Demam AI, Emiten RI Ini Bikin Anak Baru dan Masuk Bisnis Data Center

Oleh: DWJ-Manajement 21 Aug 2026
Demam AI, Emiten RI Ini Bikin Anak Baru dan Masuk Bisnis Data Center

Permintaan yang Stabil dan Terus Meningkat: Seiring dengan semakin banyaknya perusahaan yang melakukan migrasi ke sistem cloud, kebutuhan akan ruang server akan terus tumbuh secara organik.

Kontrak Jangka Panjang: Bisnis data center umumnya melibatkan kontrak kerja sama jangka panjang dengan penyewa, yang memberikan kepastian arus kas (cash flow) bagi perusahaan.

Hambatan Masuk yang Tinggi (High Barrier to Entry): Membangun data center memerlukan teknologi khusus, standar keamanan tingkat tinggi, dan manajemen energi yang kompleks, yang memberikan keunggulan kompetitif bagi pemain yang sudah mapan.

Konsep Properti Digital: Lebih dari Sekadar Bangunan

Istilah "properti digital" yang diusung oleh REAL merujuk pada pengembangan aset fisik yang dirancang khusus untuk menunjang kebutuhan konektivitas tinggi.
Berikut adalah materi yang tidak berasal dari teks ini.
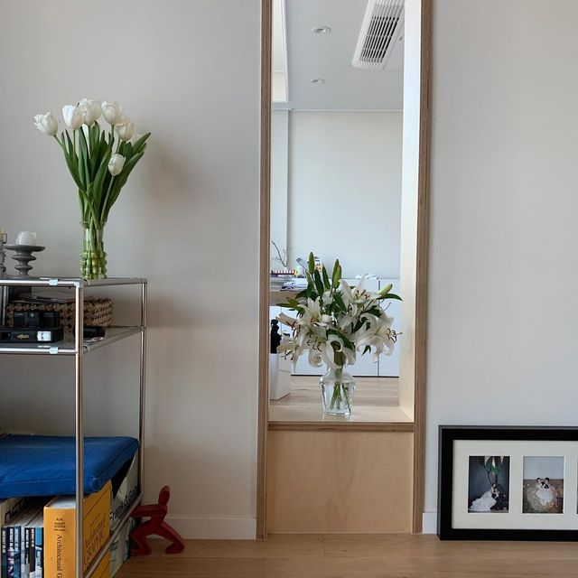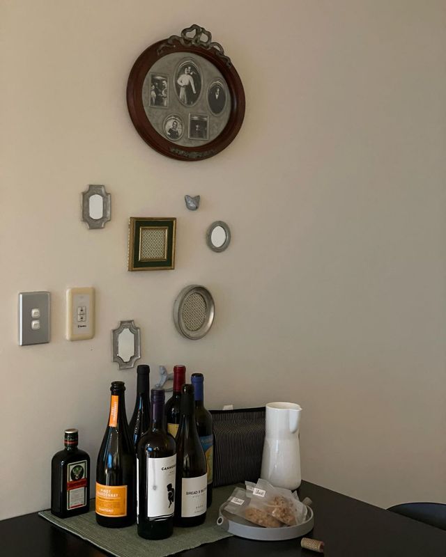 식탁 위 벽면에는 오래전에 구입한 Kiyo 작가님의 거울 작품과 빈티지 소품 숍에서 찾은 액자들을 함께 걸어 두었어요. 이 자리에서 지인들과 옹기종기 모여 샴페인 한 잔을 즐기는 걸 특히 좋아해요. 맑고 투명한 기포들이 만들어내는 설렘이 참 근사하거든요. 비록 와알못이지만 와인을 마시는 즐거움만큼은 놓치지 않으려 해요. 올 연말에는 홈파티를 계획 중인데, 그때는 위키드와이프(@wkd.seoul)를 이용해 볼까 해요.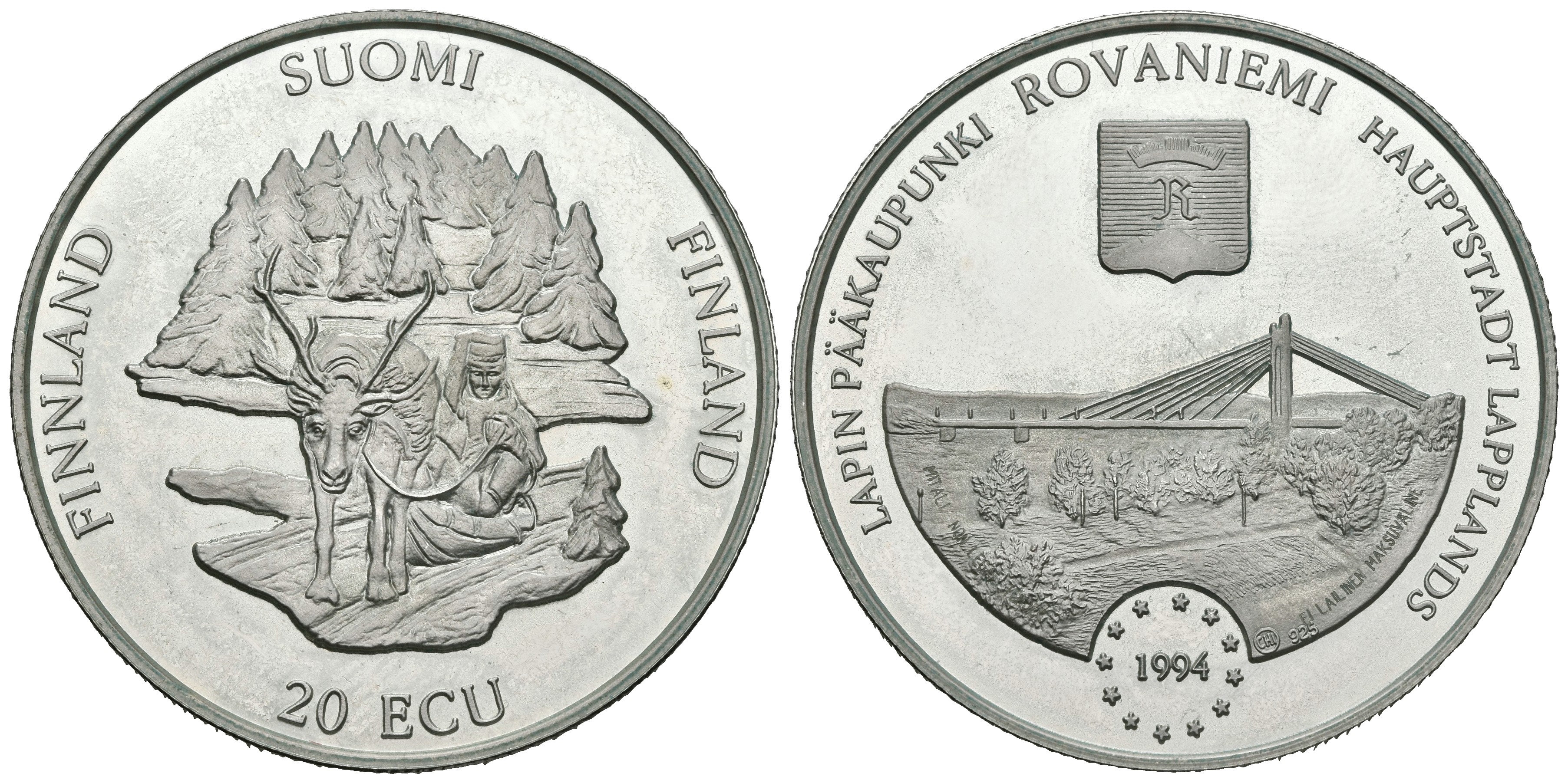 FINLANDIA. 20 Ecu. Rovaniemi. 1994. (Ar. 25,00g/38,5mm). Proof.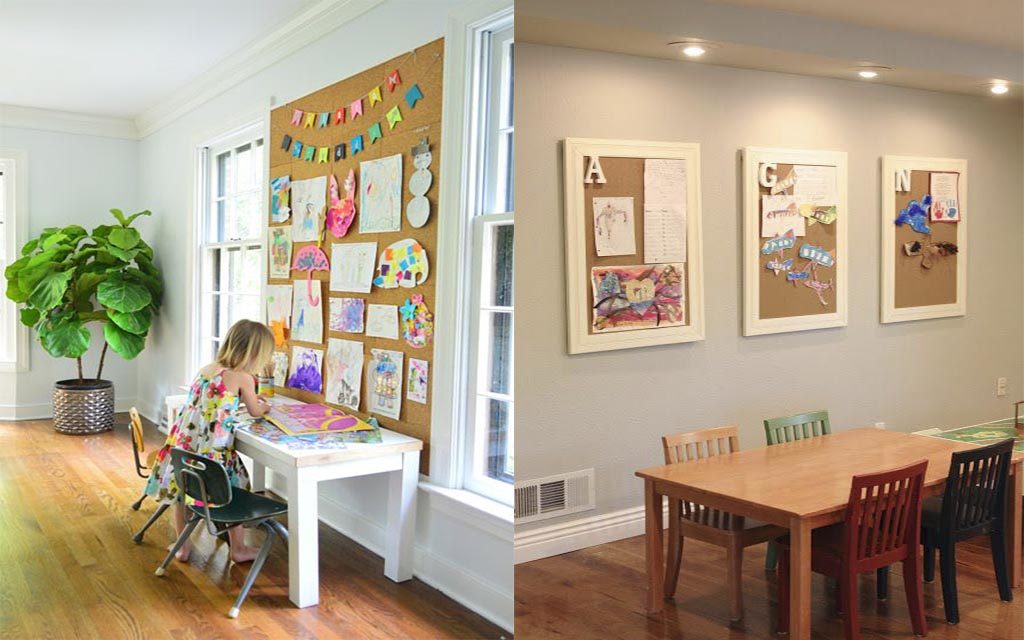 El corcho es la manera más cómoda para exponer dibujos. Es ideal si tienes una habitación de juegos o una zona de arte en casa.

Ini bukan sekadar bangunan kantor atau gudang biasa, melainkan infrastruktur yang dilengkapi dengan sistem pendingin canggih, suplai daya cadangan yang tak terputus, serta konektivitas fiber optik berkecepatan tinggi.

Integrasi antara properti fisik dan infrastruktur digital ini diharapkan dapat menciptakan sinergi baru. REAL berencana untuk mengoptimalkan lahan dan aset yang mereka miliki agar dapat dikonversi menjadi pusat-pusat pertumbuhan ekonomi baru yang berbasis teknologi.

Mengapa Momentum AI Sangat Krusial bagi Emiten?

Mengapa para investor dan emiten saat ini begitu agresif mengejar sektor AI dan infrastruktur pendukungnya? Jawabannya terletak pada kecepatan adopsi teknologi. Jika pada dekade lalu digitalisasi hanya sebatas penggunaan media sosial dan e-commerce, maka dekade ini adalah tentang otomatisasi cerdas.

Perusahaan-perusahaan besar di seluruh dunia kini berlomba-lomba mengintegrasikan AI ke dalam operasional mereka. Hal ini berdampak pada kebutuhan akan pemrosesan data di tepi jaringan (edge computing) dan pusat data skala besar (hyperscale data centers). Bagi emiten seperti REAL, fenomena ini adalah angin segar yang dapat mendongkrak nilai valuasi perusahaan di mata investor pasar modal.

Selain itu, pemerintah Indonesia juga tengah mendorong transformasi digital nasional melalui berbagai regulasi, termasuk aturan mengenai kedaulatan data (data sovereignty). Aturan yang mewajibkan data penting warga negara disimpan di dalam negeri memberikan peluang besar bagi perusahaan lokal untuk menyediakan layanan pusat data domestik, bersaing dengan penyedia global.